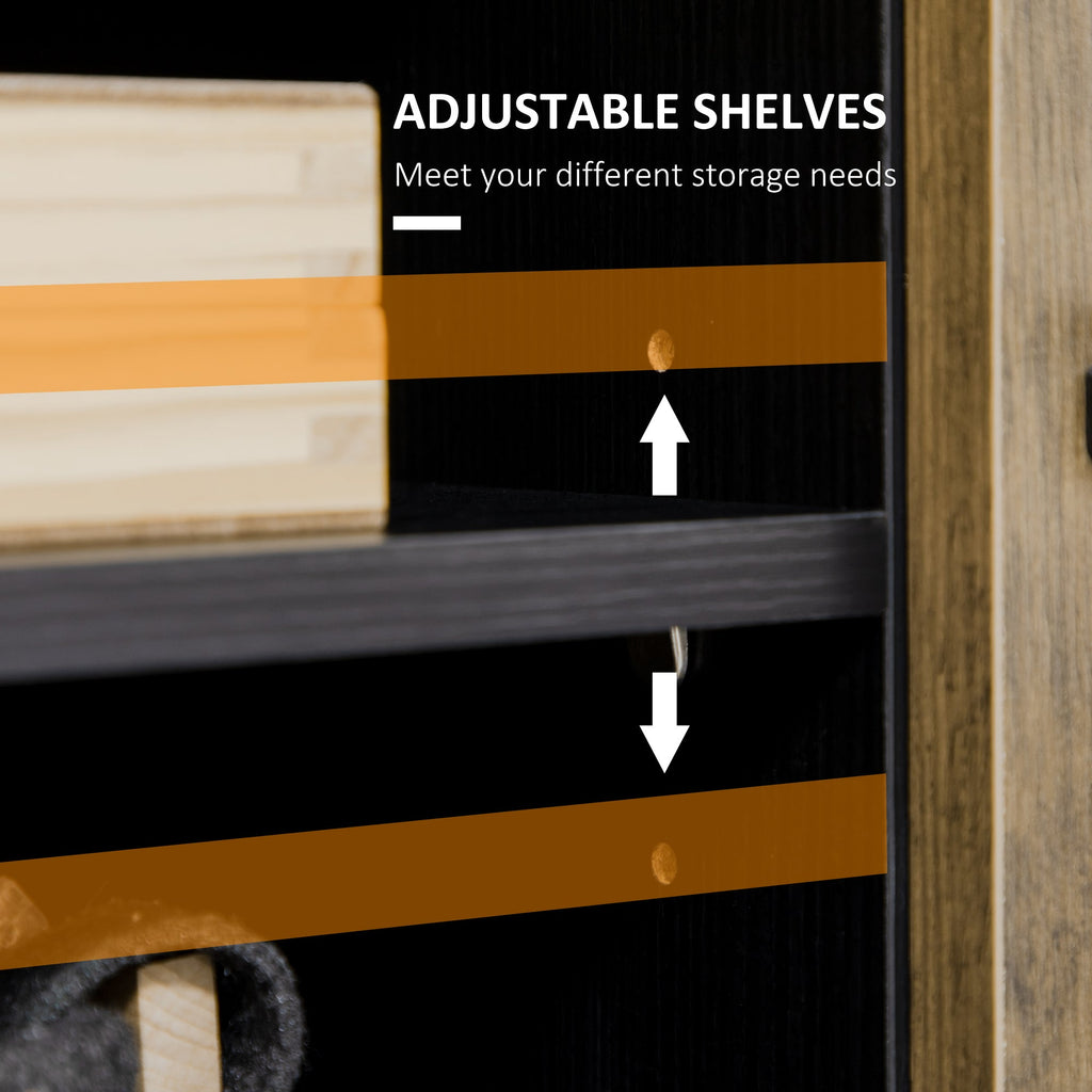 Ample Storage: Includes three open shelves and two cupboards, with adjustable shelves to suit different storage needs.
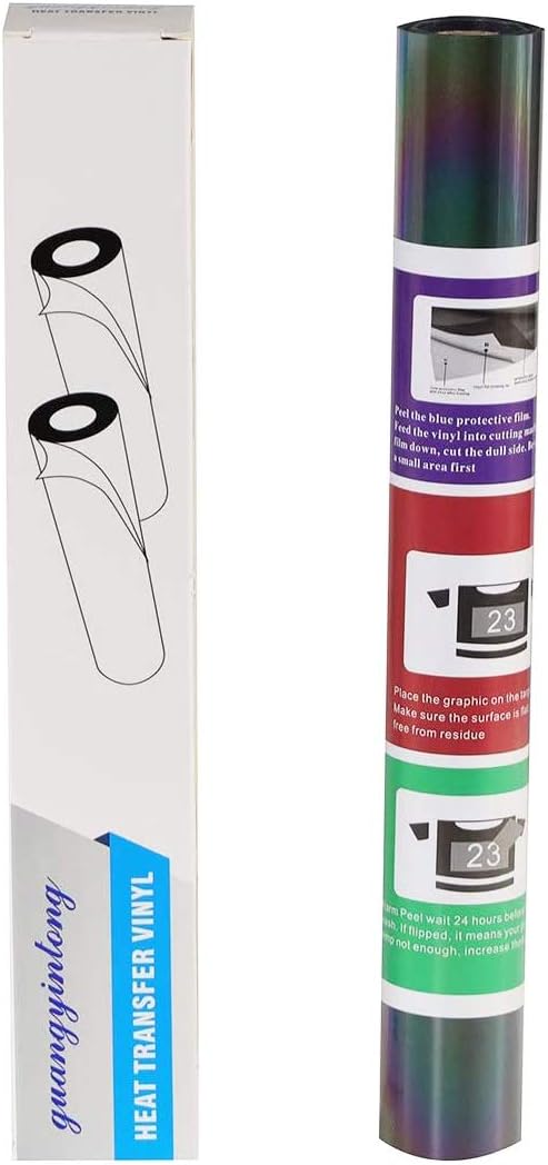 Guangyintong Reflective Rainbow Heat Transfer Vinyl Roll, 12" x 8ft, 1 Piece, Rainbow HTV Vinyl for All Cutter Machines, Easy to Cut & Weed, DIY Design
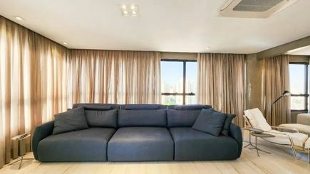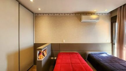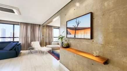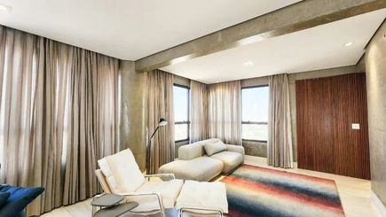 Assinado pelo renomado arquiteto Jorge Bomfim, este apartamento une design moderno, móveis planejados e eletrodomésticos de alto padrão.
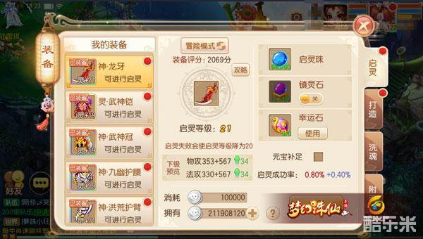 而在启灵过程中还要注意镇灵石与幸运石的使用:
****
[What the task asks]
Start to finish, write out the data above exactly, omitting all pictures.

[Your response]
 Ample Storage: Includes three open shelves and two cupboards, with adjustable shelves to suit different storage needs.
 Guangyintong Reflective Rainbow Heat Transfer Vinyl Roll, 12" x 8ft, 1 Piece, Rainbow HTV Vinyl for All Cutter Machines, Easy to Cut & Weed, DIY Design
 Assinado pelo renomado arquiteto Jorge Bomfim, este apartamento une design moderno, móveis planejados e eletrodomésticos de alto padrão.
 而在启灵过程中还要注意镇灵石与幸运石的使用:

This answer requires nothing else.